Also at the table was a man whose hawklike face seemed to cry out pitiless cruelty. Bolan wondered whether he was the man who had murdered Dick Lincoln. That might be an ironic touch with an appeal to Harry: to have at his table the hit man he'd hired to commit the murder he had just been acquitted of. Bolan knew the Harry Greenes of the world. It was the kind of jeering touch many of them enjoyed.
Hawk-face had a girl, too. She was enough like the other one to be her sister, though she was older, a little more worn. She wasn't draped across Hawk-face but was sitting bolt upright, staring with contempt at the naked wrestlers, smoking a cigarette and drinking whiskey from a water glass.
Hawk-face was wearing a loose red nylon jacket. If he wasn't Harry Greene's hit man, he was definitely his bodyguard.
Bolan worked his way into the crowd as quickly as possible. He got a few curious stares, but it was the way he'd figured — the crowd was too big, too drunk, too absorbed in ogling to take much notice of one more big man.
Even so, he figured he shouldn't approach Greene immediately. That might attract attention. He worked his way toward the bar, being careful not to let anyone jostle him enough to feel his guns. With a beer in his left hand, he would look more like everyone else, less purposeful. He pushed up to the bar, asked for a beer and found that all drinks were on Harry.

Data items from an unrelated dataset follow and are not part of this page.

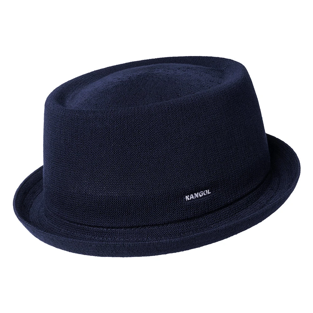 The Bamboo Mowbray in dark blue is a new Kangol pork pie hat that derives its name from one of Britain’s most delectable baked treats, the Mowbray Pork Pie. Like a classic pork pie hat, the Bamboo Mowbray has a telescopic crown and a stingy, upturned brim. Bamboo yarn is a soft handle, environmentally friendly yarn that has become an understated but chic staple in the Kangol range.
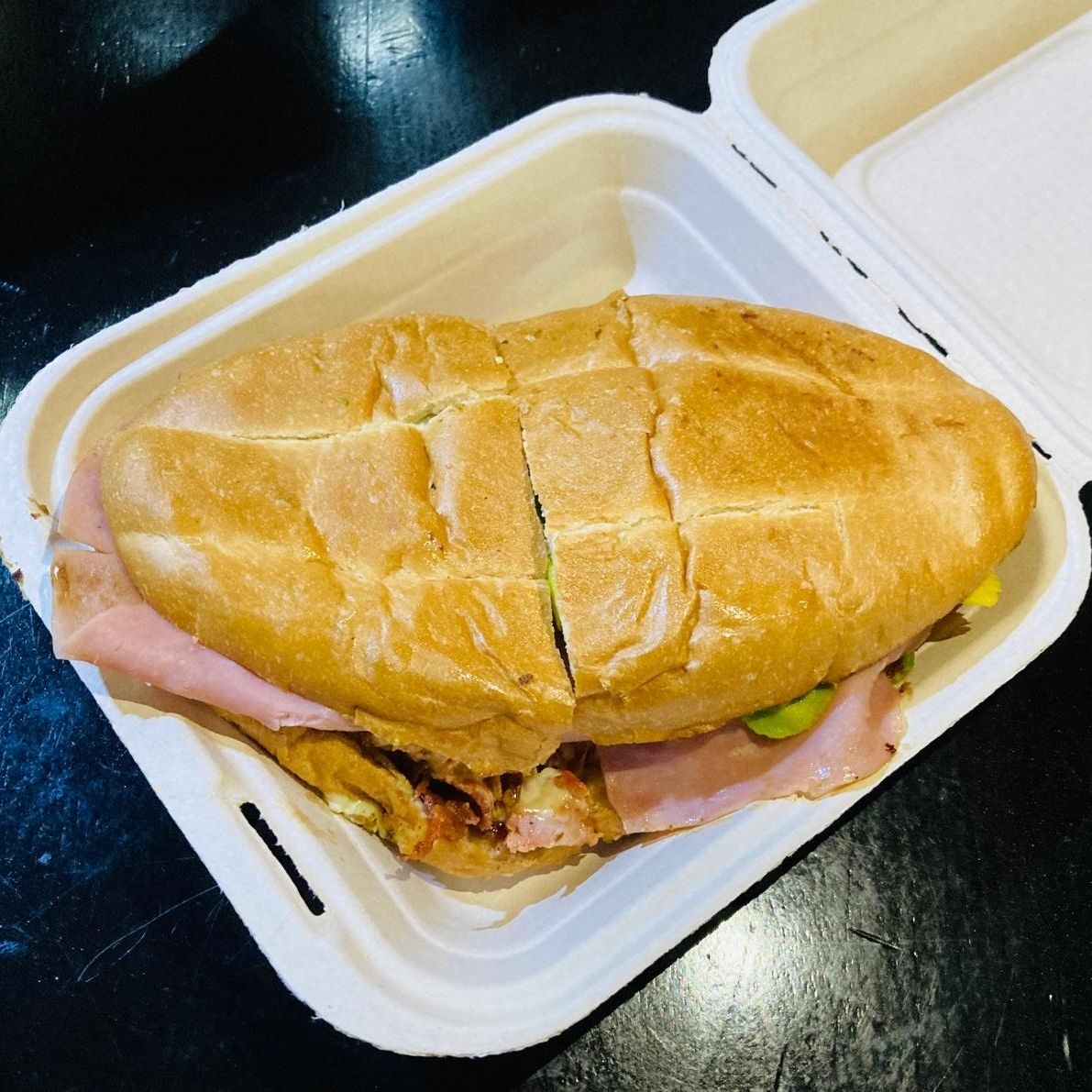 Carne de bisteck, jamón y una capa de aguacate.
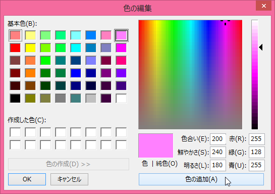 色パレットに希望の色がない場合、独自の色を作成することができます。[ホーム]タブの[色の編集]をクリックし、作成したい色を指定し、[色の追加]ボタンをクリックします。
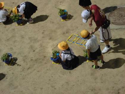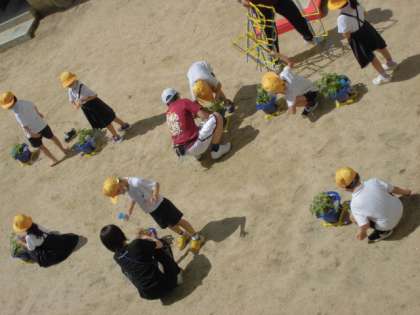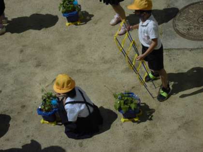 今日は、あさがをがしっかり伸びてきたので、支柱をつけました。
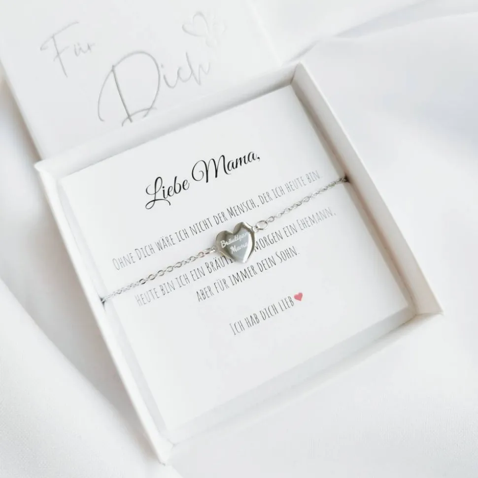 Dieses elegante Armband mit einem gravierten Herz Symbol wird der Brautmama und/oder Bräutigam Mutter ein strahlendes Lächeln auf die Lippen zaubern.
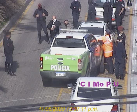 Minutos después, los monitoristas constataron que el rodado se encontraba sobre la mencionada avenida, frente al Banco Santander Río, con un ocupante al volante mientras que el otro individuo iba y venía hablando con distintas personas. Luego, se observó que el conductor descendió sin ningún tipo de protección ante la emergencia sanitaria ni respetó el distanciamiento social.
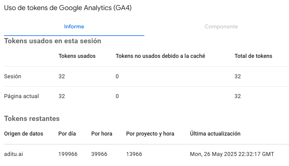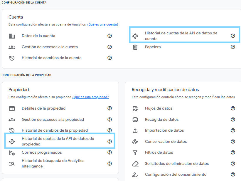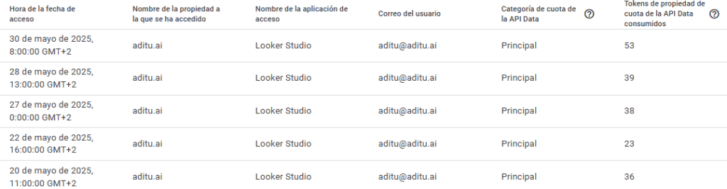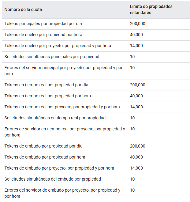 Aquí podremos encontrar el consumo de tokens de la API de Google Analytics tanto a nivel de cuenta como de propiedad.

Bolan worked his way toward the center table.
The two wrestlers scrambled to their feet, grinned and bowed and scampered down from the platform and out.
An amplified voice boomed from speakers overhead. "A big hand for the Wrestling Bares! And our thanks to Harry! And… now! Hey, guys! A hand for Donald and Donna!"
A youthful couple, boy and girl, trotted out and climbed onto the platform. They, too, were stark naked, and were followed by one of Harry's hardmen, who carried a mattress over his shoulder. When he heaved it to the center of the platform, the crowd hooted and yelled its approval.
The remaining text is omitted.